Ratings3
Average rating3.7
T.S. Spivet is a genius mapmaker who lives on a ranch in Montana. His father is a silent cowboy and his mother is a scientist who for the last twenty years has been looking for a mythical species of beetle. His brother has gone, his sister seems normal but might not be, and his dog - Verywell - is going mad. T.S. makes sense of it all by drawing beautiful, meticulous maps kept in innumerable colour-coded notebooks.He is brilliant, and the Smithsonian Institution agrees, though when they award him a major scientific prize they don't suspect for a moment that he is twelve years old. So begins T.S.'s life-changing adventure, travelling two thousand miles across America to reach the awards dinner, the secret-society membership and the TV interviews that beckon.

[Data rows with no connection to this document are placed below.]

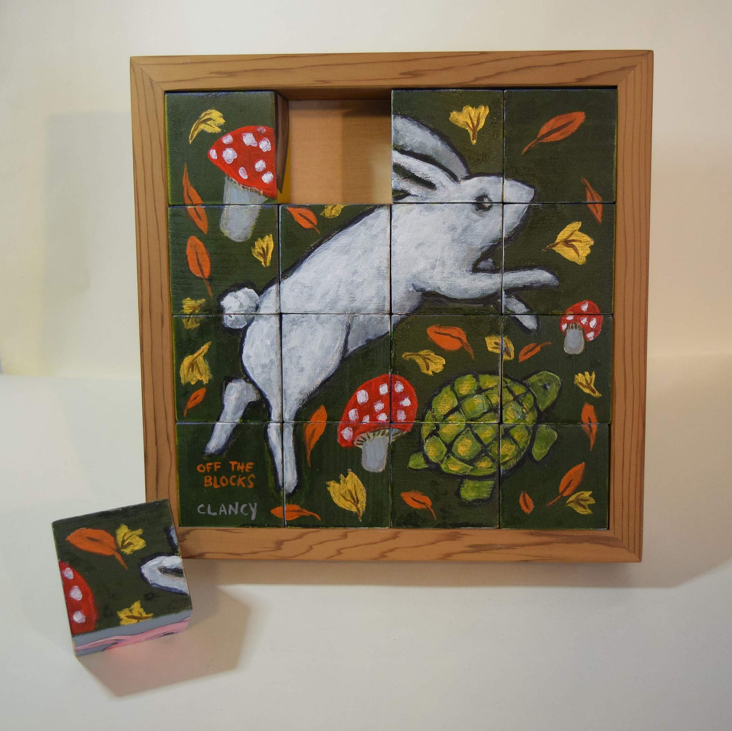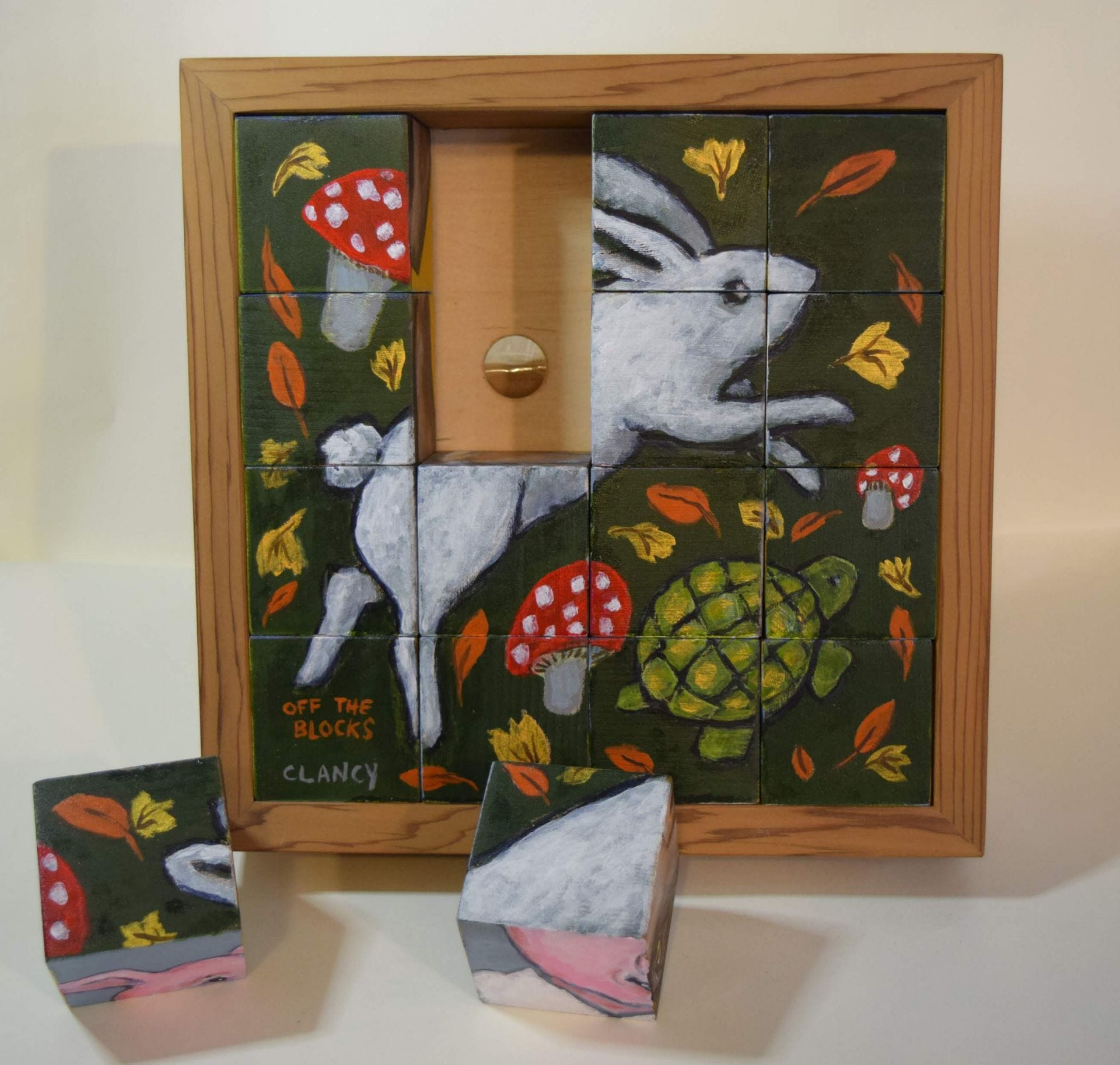 This month the Aurora Gallery is showing my dozen “Eggheads” art-toy along with my block puzzle art-toy! My 6 picture block puzzle is titled “Around The Block”. Its an art-toy where each of the 2 inch square blocks fit together make up each of the 6 art images.
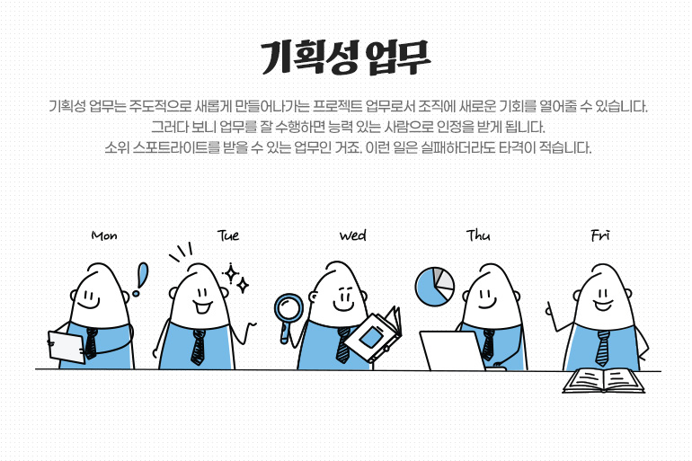 이에 반해 기획성 업무는 주도적으로 새롭게 만들어나가는 프로젝트 업무로서 조직에 새로운 기회를 열어줄 수 있습니다. 그러다 보니 업무를 잘 수행하면 능력 있는 사람으로 인정을 받게 됩니다. 소위 스포트라이트를 받을 수 있는 업무인 거죠. 이런 일은 실패하더라도 타격이 적습니다. 새롭게 도전한 일이기 때문에 그럴 수 있다고 받아들이는 분위기이니까요. 영업으로 치면 운영성 업무는 ‘기존 고객관리’에 해당하고 기획성 업무는 ‘신규 고객 유치 전략 모색’ 정도가 될 수 있겠죠.
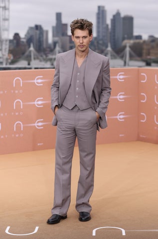 一方、オースティン・バトラーはカスタムメイドのグレースリーピース・ダブルブレストスーツを着用していました。
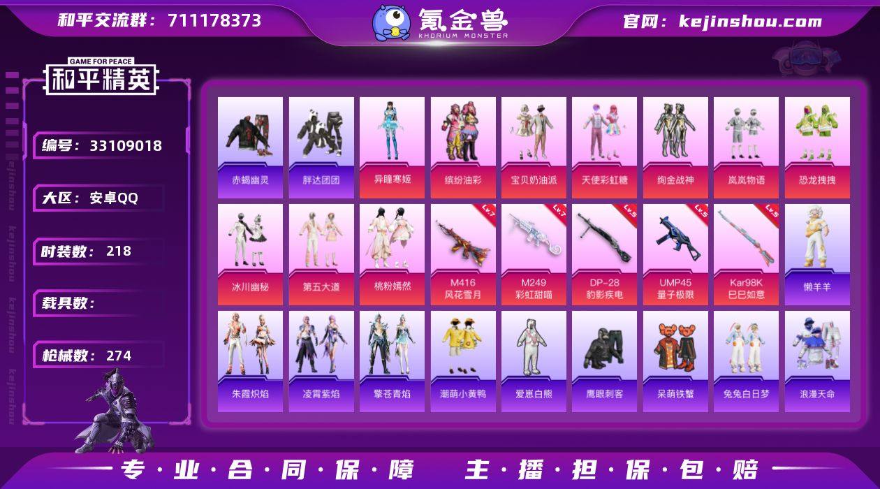 不可二次 安卓 手Q-11粉装-6特效枪-0载具-2粉色飞行器-87433热力值-16王牌印记-218套装-274枪皮 QW264512 【热门品类】:粉装-缤纷油彩,套装-浪漫天命,套装-赤蝎幽灵,套装-胖达团团,套装-忍者信条,套装-龟仙人,套装-潮萌小黄鸭,套装-暗影哥特,熔岩游骑兵连帽夹克,套装-红熊茄茄 【粉色套装】:粉装-宝贝奶油派,粉装-天使彩虹糖,粉装-缤纷油彩,粉装-绚金战神,粉装-岚岚物语,粉装-恐龙拽拽,粉装-冰川幽秘,粉装-第五大道,粉装-桃粉嫣然,角色-异瞳寒姬,角色-月中灵 【粉色枪皮等级】:M416-风花雪月(七级),UMP45-量子极限(五级),Kar98K-巳巳如意(五级),Mk14-福马献瑞(五级),M249-彩虹甜喵(七级),DP-28-豹影疾电(五级) 【粉色枪皮】:M416-风花雪月,UMP45-量子极限,Kar98K-巳巳如意,Mk14-福马献瑞,M249-彩虹甜喵,DP-28-豹影疾电 【粉色飞行器】:炫彩糖果飞行器,星夜魔法师飞行翼 【粉色降落伞】:绝对恒星降落伞,甜心宝贝降落伞,天之羽翼降落伞,环太平洋降落伞,彩虹甜喵降落伞,暗夜鎏金降落伞,第五大道降落伞,未来歌姬降落伞,莲影清波降落伞,精灵梦叶罗丽降落伞,创世·救赎降落伞,临安公主降落伞,樱桃泡泡降落伞,星穹咏叹调降落伞,幻...

But is this what he wants? Do maps and lists explain the world? And why are adults so strange?
Reviews with the most likes.
Sorry to go against the grain but I did not like this book all that much. I found the format to be more annoying than astounding and felt like sometimes the marginalia was there to bolster the story because the author could not find a way to make it work in the actual narrative.
Granted, obviously multitudes of people have loved this book and I think Mr. Larsen does have talent as can be evidenced in his conversations with “Valero” and other portions in the latter part of the book. But overall I can say I read it but I can't say I'm happy about it.
I started out loving this book. It's a cool mix of a great story (young prodigy is selected to win an award by the Smithsonian) with side panels containing fascinating extensions of the plot illustrated to match the skills of the prodigy. Very clever. Unique for a fiction book, perhaps.
But the book became work. It was hard to focus on the story with all those clever side panels leading you off in a hundred different directions.
Very mixed feelings about this book. Brilliant but difficult.